◆ Provided material:
"""
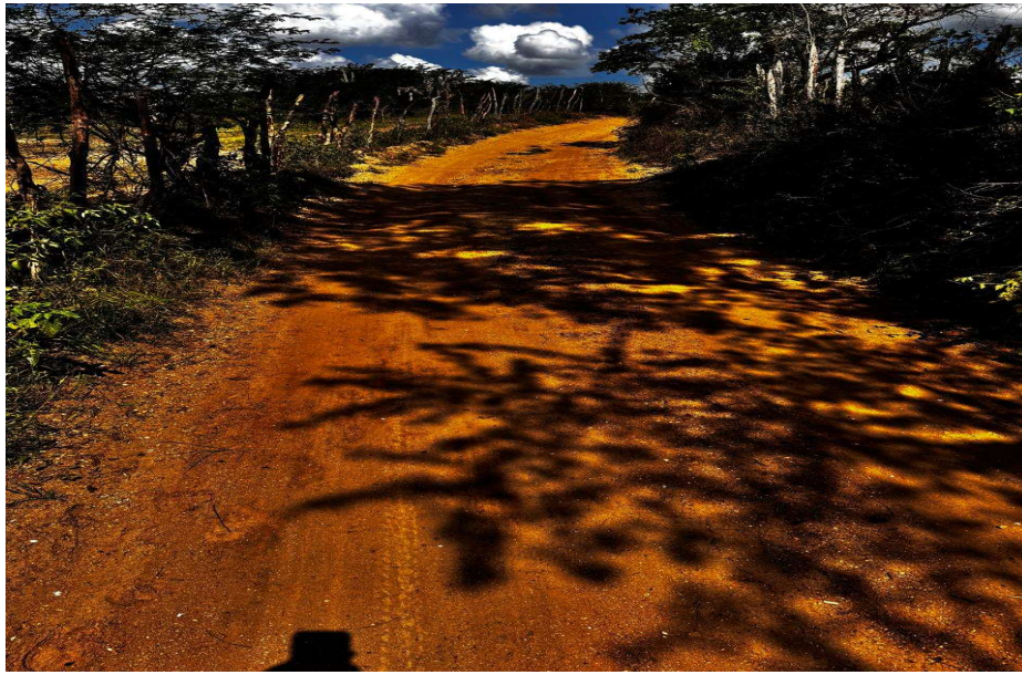
Lançamento de solo argiloso

PREFEITURA MUNICIPAL DE CONCEIÇÃO DA FEIRA - BAHIA
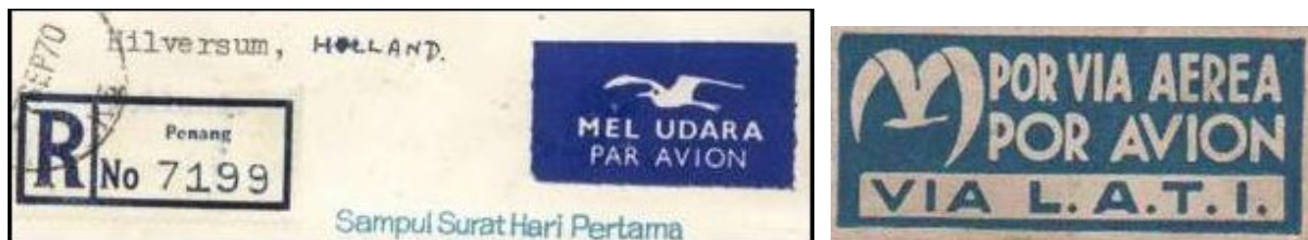
Ryc. 8. Sylwetki ptaków na lotniczych nalepkach z Malezji i Brazylii.

Do ostrożnego obchodzenia się z przesyłką np. paczkową skłaniać powinna ochronna nalepka pomocnicza, zawierająca często słowną lub rysunkową informację o zawartości, która może łatwo ulec zniszczeniu.
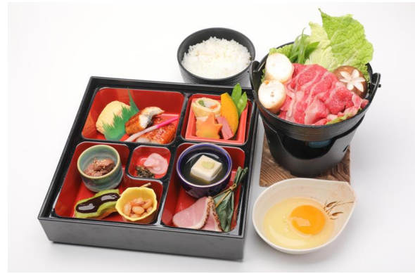
▲峰道レストラン&展望台でのお食事
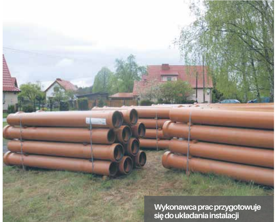
Wykonawca prac przygotowuje się do układania instalacji

W kolejnych latach wykonane będą dalsze etapy budowy kanalizacji obu osiedli w prawobrzeżnej części miasta.
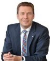
Landrat des Landkreises Fürth
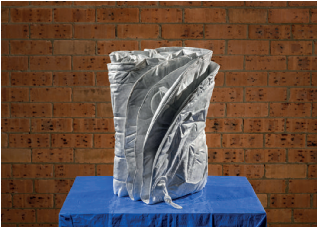
Folded Zodiac 01 , 2015
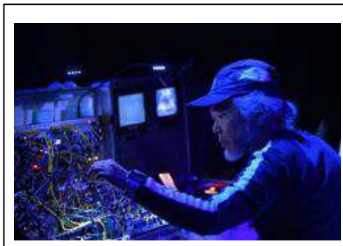
ヤン 富田【アーティスト】

ルーツのスカをベースにジャンルにとらわれない幅広い音楽性で人気を集める、世界屈指のライブバンド。多数の海外公演を含むライブパフォーマンスは2,000本を超える。
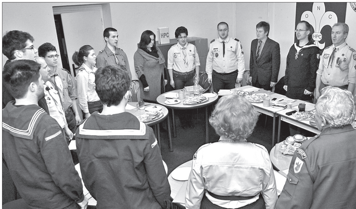
Obrady rozpoczęto od odśpiewania hymnu harcerskiego.
"""
◆ How to complete this task: Nothing except the lines from the one containing "PREFEITURA MUNICIPAL DE" through the one containing "Ryc. 8. Sylwetki" should appear in the answer, exactly as above and without pictures.

◆ The completed task:
PREFEITURA MUNICIPAL DE CONCEIÇÃO DA FEIRA - BAHIA
Ryc. 8. Sylwetki ptaków na lotniczych nalepkach z Malezji i Brazylii.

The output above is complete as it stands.